Please explain your basis for assuming future excess deliveries will occur and be sufficient to avoid additional payment. Given your history of recording shortfalls in 2012 and 2013, and the information set forth in your response regarding an inability to provide an estimate, there does not appear to be a basis to forecast a surplus sufficient to overcome past CO2 delivery deficiencies.
Response
The terms of the treating agreement specify that delivery deficiency volumes in a given year are not added to the subsequent year’s annual requirement, but rather are added to the annual requirement of the final year of the term of the agreement. In the event the contract is cancelled by Occidental prior to the end of its term, whether due to nonperformance by the Company or otherwise, the Company is not obligated to pay Occidental the $0.70 end-of-contract penalty on any delivery deficiency volumes incurred through the date of cancellation. ASC 450-20 defines a contingency as “An existing condition, situation, or set of circumstances involving uncertainty as to possible gain (gain contingency) or loss (loss contingency) to an entity that will ultimately be resolved when one or more future events occur or fail to occur.” As the delivery shortfalls in 2012 and 2013 create uncertainty that will not be resolved until future deliveries occur or fail to occur, the Company believes the contingencies guidance is applicable with respect to the treating agreement.
The Company has prepared several analyses based upon the assumption that drilling will resume in the West Texas Overthrust (“WTO”) once natural gas prices reach a level sufficient to produce a reasonable rate of return, all of which indicate that the Company would produce enough natural gas, and consequently enough CO2, to satisfy the total CO2 volume delivery commitment under the treating agreement. For this reason, the Company is currently not able to reasonably determine what portion of delivery deficiency volumes incurred in 2012 and 2013, if any, will ultimately be attributed to the annual requirement of the final year of the term of the agreement (2042) and believes its disclosures are compliant with guidance set forth in ASC 450-20.
Mr. H. Roger Schwall
U.S. Securities and Exchange Commission
Page 3
As mentioned in the correspondence dated December 13, 2013, the Company is in discussions with other companies that have expressed interest in developing the WTO. As part of those discussions, the Company has analyzed various scenarios for the development of the field.

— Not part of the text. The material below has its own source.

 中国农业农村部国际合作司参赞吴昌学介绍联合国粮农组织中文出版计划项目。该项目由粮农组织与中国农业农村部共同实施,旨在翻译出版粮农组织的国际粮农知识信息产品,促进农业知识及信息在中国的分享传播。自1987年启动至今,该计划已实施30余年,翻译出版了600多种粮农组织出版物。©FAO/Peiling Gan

The attached chart presents estimated CO2 volumes that would be delivered as a result of WTO development assuming the resumption of drilling in the WTO at a price of $4.80 per Mcf of natural gas. This would result in a 20% rate of return, which the Company believes is a reasonable rate for natural gas drilling compared to other available drilling projects. Analyses of WTO development utilizing both a 10-rig drilling program and a 15-rig drilling program were prepared. The Company believes these would be nominal amounts of drilling activity given the fact that at one point in time the Company had over 40 rigs drilling in the WTO. At the time these analyses were prepared, the November NYMEX strip indicated a natural gas price of $4.80 per Mcf in 2021; Therefore, four of the analyses assumed the resumption of drilling in 2022. Additionally, in order to analyze the impact to production of an earlier natural gas price recovery, four analyses assumed that the price of natural gas would reach $4.80 per Mcf and drilling would resume in 2016. Under each scenario, CO2 volumes delivered are sufficient to satisfy the Company’s total delivery obligation under the treating agreement such that the Company would not incur any end-of-term penalties.

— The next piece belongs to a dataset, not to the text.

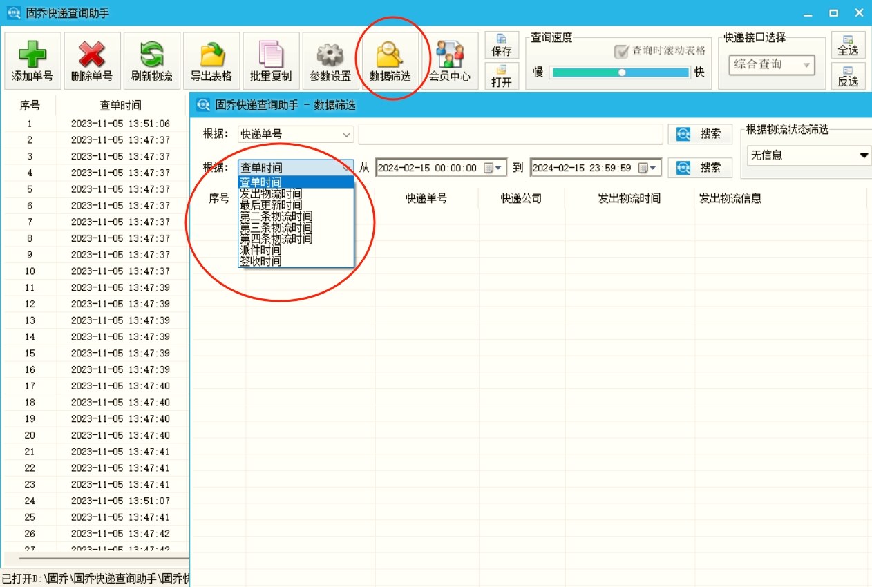数据筛选:支持单号、快递公司、物流状态、超时情况等8类条件组合筛选;

After the Staff’s review of the above discussion and the attached chart, the Company would welcome any questions and is available to discuss any such questions at the Staff’s convenience.
Financial Statements
Note 1—Summary of Significant Accounting Policies, page F-9
Revenue Recognition and Natural Gas Balancing, page F-13
2. We have read your response to prior comment seven and understand that you regard the Century Plant construction and CO2 delivery contracts to be separate units of accounting under FASB ASC 605-25-25-5. We would like to understand how you applied the guidance in FASB ASC 605-25-30-2 and 5, in recognizing the entire $796.3 million contract price as revenue in 2012, while zero has been allocated to your CO2 delivery commitment, which appears to represent a substantial performance obligations as evidenced by the penalty provisions in the treating and delivery agreement. Please explain why the amount allocated to the Century Plant was not limited to zero under this provision and why ultimate realization of proceeds are not viewed as contingent upon the delivery of CO2.
Response
The Company believes the construction and treating agreements entered into by the Company and Occidental are not typical to those contemplated under the guidance set forth in ASC 605-25, as (1) the Company has entered into the treating agreement in order to contract for the provision of services (processing of its natural gas production) and not as a revenue earnings
Mr. H. Roger Schwall
U.S. Securities and Exchange Commission
Page 4
activity, and (2) both parties to the treating agreement have significant performance obligations – the Company is obligated to deliver CO2 through the delivery of natural gas for treating at the Century Plant and Occidental is obligated to provide available treating capacity and treating services for Company-delivered volumes. The guidance set forth in ASC 605-25 does not specifically address the recognition of revenue attributable to a delivered item in situations where contracts have been entered into in contemplation of one another, but the purchaser of the initial deliverable is obligated to provide significant services in conjunction with the receipt of another deliverable of the arrangement; however, application of the guidance found in ASC 605-25-30-2 to both the Century Plant construction and CO2 delivery obligation as “deliverables” under the contracts requires consideration to be allocated at inception to all deliverables on the basis of their relative selling price. Consideration received from Occidental under the construction contract of $796.3 million represents the selling price of the Century Plant under construction accounting treatment and represented the Company’s best estimate of the selling price of such a plant; as mentioned previously, CO2 is considered a “waste gas” and a byproduct of the natural gas treating process which must be disposed; therefore, a relative selling price of $0 was allocated to the CO2 to be delivered in the future.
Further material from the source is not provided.